RECORD SET:
....................
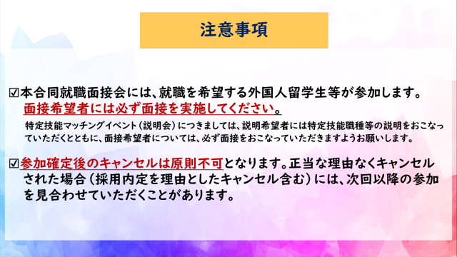 2026年3月9日以降、当センターのホームページに 参加決定企業名を掲載します。 掲示されていない場合は否となります。
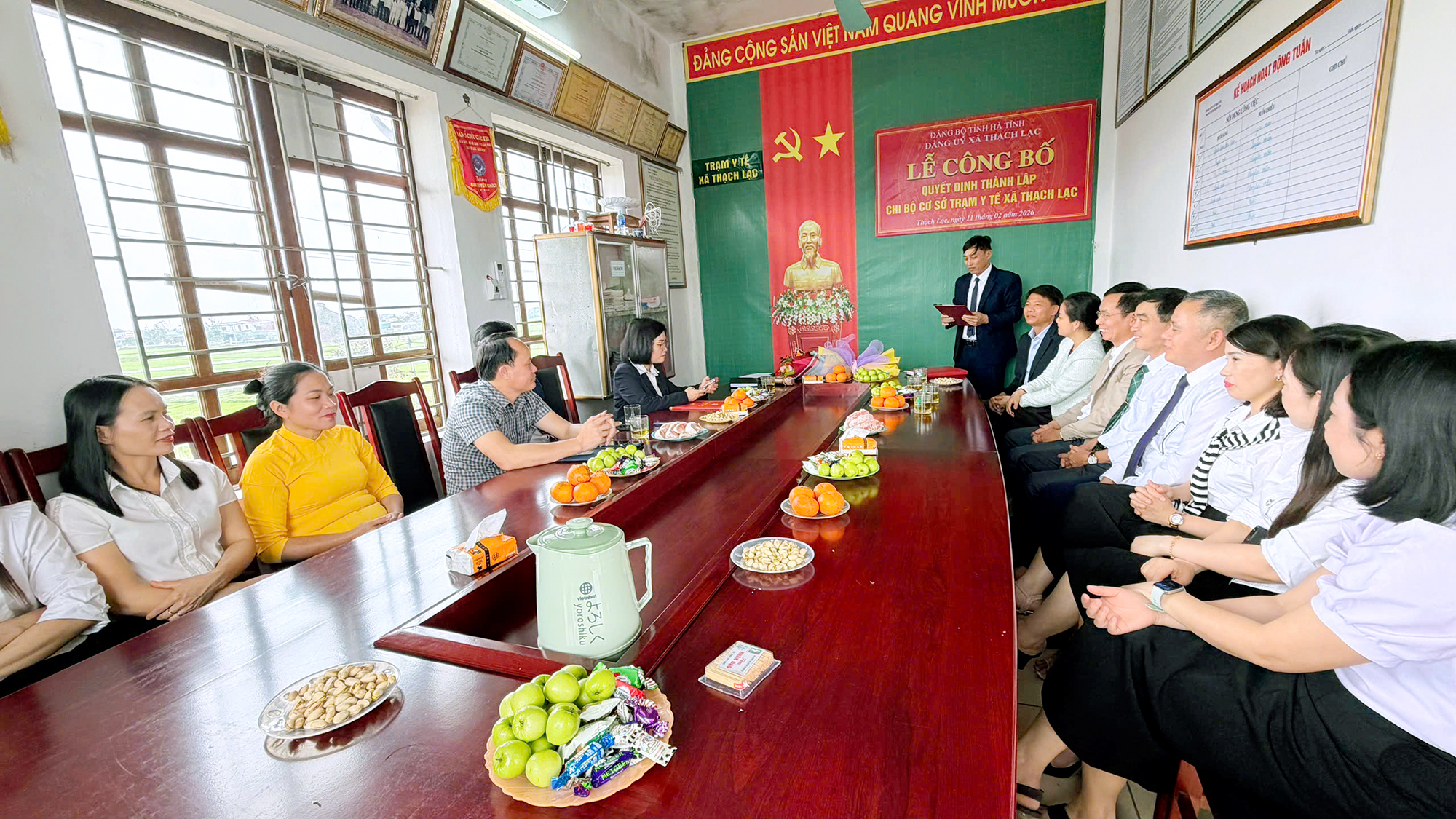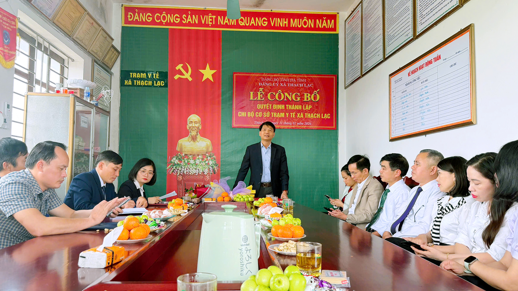 Chi bộ cơ sở Trạm Y tế xã Thạch Lạc được thành lập trên cơ sở sáp nhập các tổ chức Đảng của Trạm Y tế Thạch Lạc, Trạm Y tế Thạch Thắng và Trạm Y tế Tượng Sơn. Sau khi kiện toàn, Trạm Y tế xã Thạch Lạc có 24 viên chức; Chi bộ có 16 đảng viên, đồng chí Hoàng Trọng Hiếu – Phụ trách Trạm Y tế xã Thạch Lạc – được chỉ định phụ trách Chi bộ, bảo đảm điều kiện lãnh đạo toàn diện nhiệm vụ chính trị và chuyên môn của đơn vị. Phù hợp với yêu cầu nhiệm vụ khi Trạm được chuyển về trực thuộc cấp xã.
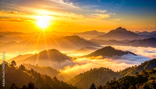 "Golden sunrise over misty mountain landscape with layered peaks and radiant sky colors."
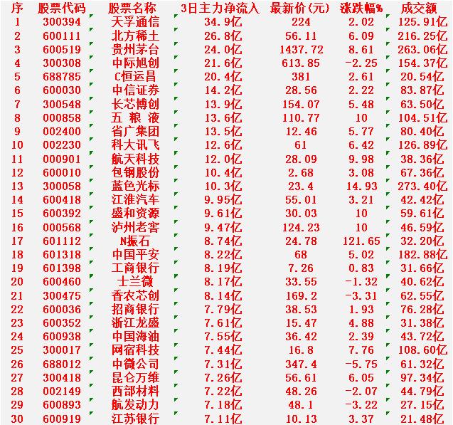 1月30日,前3天主力大幅买入的30名单! 天孚通信:净流入 34.9亿元,成交额 125.91亿元 北方稀土:净流入 26.8亿元,成交额 216.25亿元 贵州茅台:净流入 24.0亿元,成交额 263.06亿元 中际旭创:净流入 21.6亿元,成交额 154.37亿元 C恒运昌:净流入 20.4亿元,成交额 20.54亿元 中信证券:净流入 14.2亿元,成交额 83.87亿元 长芯博创:净流入 13.9亿元,成交额 63.50亿元 五粮液:净流入 13.6亿元,成交额 104.51亿元 省广集团:净流入 13.5亿元,成交额 80.40亿元 科大讯飞:净流入 12.6亿元,成交额 126.89亿元
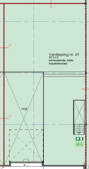 Begane grond : ca. 86 m2 VVO (5,75 m breed en 15 m diep)
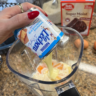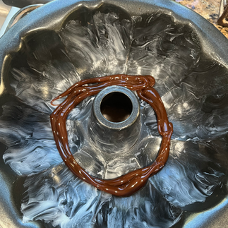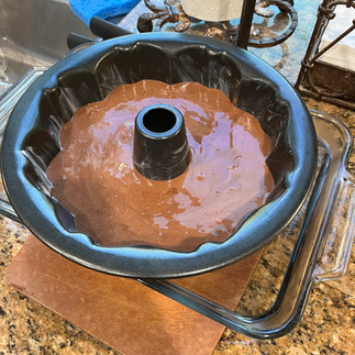 ¡Ya que está encima tu molde del traste, es tiempo para la magia del chocoflan! Vas a poner la mezcla del flan adentro del molde. Igual en vueltas para que todo esté parejo y no mueva la cajeta. ¡Se va a hundir la mezcla y te vas a asustar, pero así debe de pasar! ¡No te preocupes!
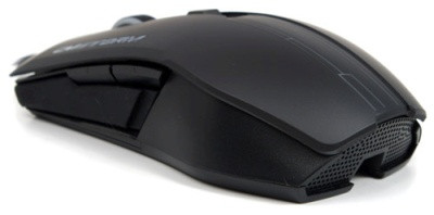 Lapos, viszont jó széles az egér háta, így elsősorban az átlagosnál szélesebb tenyerűeknek lesz kényelmes a hatalmas fő gombok révén ujjas és karmos fogással, átlagos vagy kisebb kéz esetén pedig a tenyeres fogás is szóba jöhet. A fő gombok nagyon közvetlenül és pontosan járnak, az oldalsók viszont kissé olcsó hatást keltenek, de észben kell tartani, hogy itt tényleg egy viszonylag kedvező árú egérről van szó. Görgőjén alig érezni az egyes lépések közti váltást, az alatta lévő gomb kicsit nehezen jár, oldalra pedig nem dönthető. Az egér hátán lévő gombbal három lépésben váltható az optikai érzékelő felbontása, 1000, 1600 és 2000 dpi között.
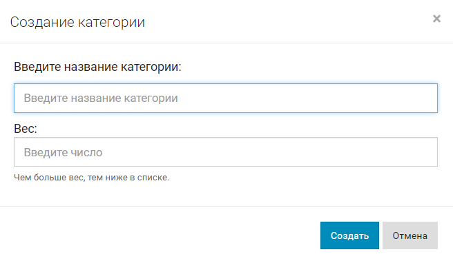Вес используется для сортировки и отображения списка категорий в удобном для вас порядке. Чем больше вес, тем ниже в списке будет находиться категория. Вес категории отображается слева от её названия. Категории без указания веса будут находиться в самом низу списка.
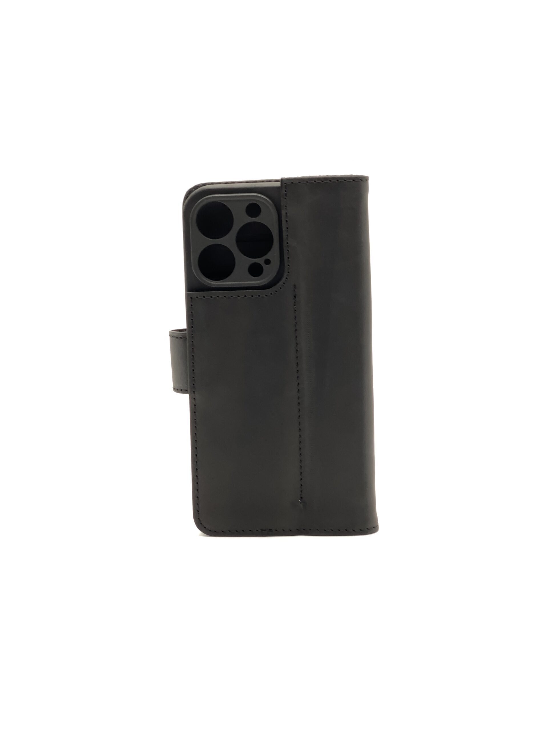 Omnium Echt Lederen Bookcase iPhone 14 Pro Max Zwart
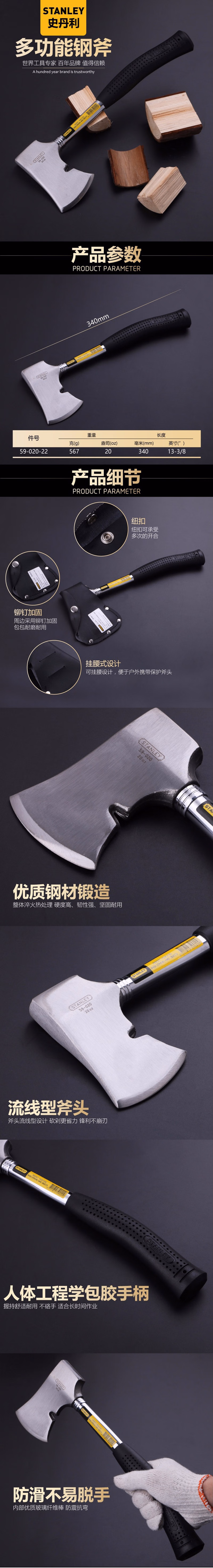 > 史丹利(STANLEY)钢斧20oz 木工斧伐木斧消防逃生斧园林斧头工业钢柄 59-020-22
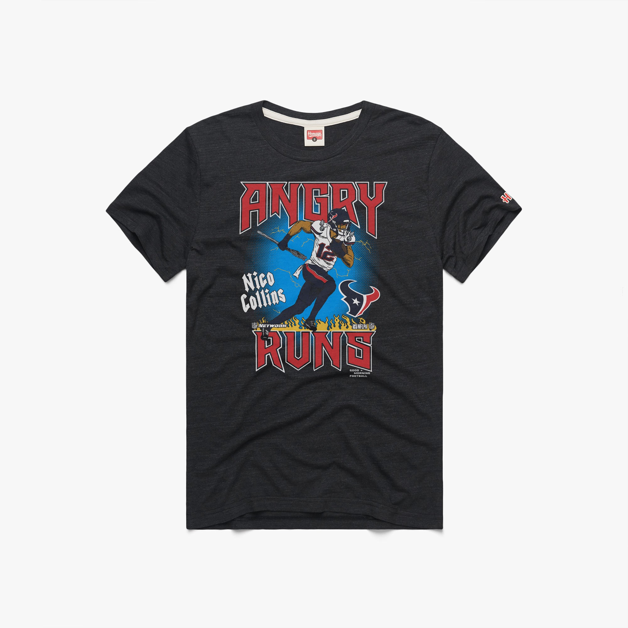 Boom! Rep 2023’s most furious plays with an official Angry Runs tee for Nico Collins! Every week of the NFL season Good Morning Football’s Kyle Brandt crowns another Angry Runs winner, and the Houston Texans’ wide receiver snagged Week 17’s scepter. Pay homage.
....................
WHAT IS BEING ASKED: I'd like the material duplicated exactly, without its pictures.

RESPONSE:
 2026年3月9日以降、当センターのホームページに 参加決定企業名を掲載します。 掲示されていない場合は否となります。
 Chi bộ cơ sở Trạm Y tế xã Thạch Lạc được thành lập trên cơ sở sáp nhập các tổ chức Đảng của Trạm Y tế Thạch Lạc, Trạm Y tế Thạch Thắng và Trạm Y tế Tượng Sơn. Sau khi kiện toàn, Trạm Y tế xã Thạch Lạc có 24 viên chức; Chi bộ có 16 đảng viên, đồng chí Hoàng Trọng Hiếu – Phụ trách Trạm Y tế xã Thạch Lạc – được chỉ định phụ trách Chi bộ, bảo đảm điều kiện lãnh đạo toàn diện nhiệm vụ chính trị và chuyên môn của đơn vị. Phù hợp với yêu cầu nhiệm vụ khi Trạm được chuyển về trực thuộc cấp xã.
 "Golden sunrise over misty mountain landscape with layered peaks and radiant sky colors."
 1月30日,前3天主力大幅买入的30名单! 天孚通信:净流入 34.9亿元,成交额 125.91亿元 北方稀土:净流入 26.8亿元,成交额 216.25亿元 贵州茅台:净流入 24.0亿元,成交额 263.06亿元 中际旭创:净流入 21.6亿元,成交额 154.37亿元 C恒运昌:净流入 20.4亿元,成交额 20.54亿元 中信证券:净流入 14.2亿元,成交额 83.87亿元 长芯博创:净流入 13.9亿元,成交额 63.50亿元 五粮液:净流入 13.6亿元,成交额 104.51亿元 省广集团:净流入 13.5亿元,成交额 80.40亿元 科大讯飞:净流入 12.6亿元,成交额 126.89亿元
 Begane grond : ca. 86 m2 VVO (5,75 m breed en 15 m diep)
 ¡Ya que está encima tu molde del traste, es tiempo para la magia del chocoflan! Vas a poner la mezcla del flan adentro del molde. Igual en vueltas para que todo esté parejo y no mueva la cajeta. ¡Se va a hundir la mezcla y te vas a asustar, pero así debe de pasar! ¡No te preocupes!
 Lapos, viszont jó széles az egér háta, így elsősorban az átlagosnál szélesebb tenyerűeknek lesz kényelmes a hatalmas fő gombok révén ujjas és karmos fogással, átlagos vagy kisebb kéz esetén pedig a tenyeres fogás is szóba jöhet. A fő gombok nagyon közvetlenül és pontosan járnak, az oldalsók viszont kissé olcsó hatást keltenek, de észben kell tartani, hogy itt tényleg egy viszonylag kedvező árú egérről van szó. Görgőjén alig érezni az egyes lépések közti váltást, az alatta lévő gomb kicsit nehezen jár, oldalra pedig nem dönthető. Az egér hátán lévő gombbal három lépésben váltható az optikai érzékelő felbontása, 1000, 1600 és 2000 dpi között.
Вес используется для сортировки и отображения списка категорий в удобном для вас порядке. Чем больше вес, тем ниже в списке будет находиться категория. Вес категории отображается слева от её названия. Категории без указания веса будут находиться в самом низу списка.
 Omnium Echt Lederen Bookcase iPhone 14 Pro Max Zwart
 > 史丹利(STANLEY)钢斧20oz 木工斧伐木斧消防逃生斧园林斧头工业钢柄 59-020-22
 Boom! Rep 2023’s most furious plays with an official Angry Runs tee for Nico Collins! Every week of the NFL season Good Morning Football’s Kyle Brandt crowns another Angry Runs winner, and the Houston Texans’ wide receiver snagged Week 17’s scepter. Pay homage.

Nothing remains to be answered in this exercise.